- THE PROBLEM
Retype nothing but the lines from the start of the material up to and including the line with "女性 男性 シンプルでお洒落な線画イラスト". Pictures don't belong in the copy.

- MATERIAL PROVIDED
___
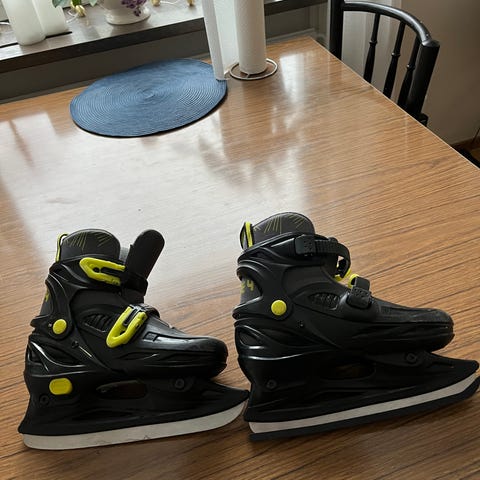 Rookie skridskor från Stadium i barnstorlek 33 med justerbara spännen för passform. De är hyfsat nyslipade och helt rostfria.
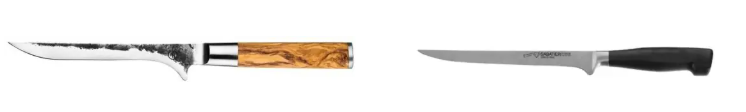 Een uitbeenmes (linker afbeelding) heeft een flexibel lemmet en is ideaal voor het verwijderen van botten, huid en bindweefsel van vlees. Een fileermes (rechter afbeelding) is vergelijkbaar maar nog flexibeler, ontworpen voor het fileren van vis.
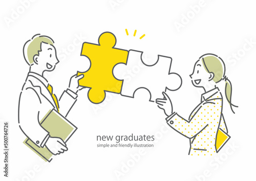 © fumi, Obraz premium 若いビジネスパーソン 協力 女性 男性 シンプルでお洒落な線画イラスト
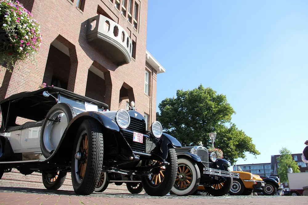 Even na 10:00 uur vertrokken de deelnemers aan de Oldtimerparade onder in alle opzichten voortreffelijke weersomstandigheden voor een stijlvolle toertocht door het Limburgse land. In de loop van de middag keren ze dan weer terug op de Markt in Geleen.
___
- RESPONSE BELOW
 Rookie skridskor från Stadium i barnstorlek 33 med justerbara spännen för passform. De är hyfsat nyslipade och helt rostfria.
 Een uitbeenmes (linker afbeelding) heeft een flexibel lemmet en is ideaal voor het verwijderen van botten, huid en bindweefsel van vlees. Een fileermes (rechter afbeelding) is vergelijkbaar maar nog flexibeler, ontworpen voor het fileren van vis.
 © fumi, Obraz premium 若いビジネスパーソン 協力 女性 男性 シンプルでお洒落な線画イラスト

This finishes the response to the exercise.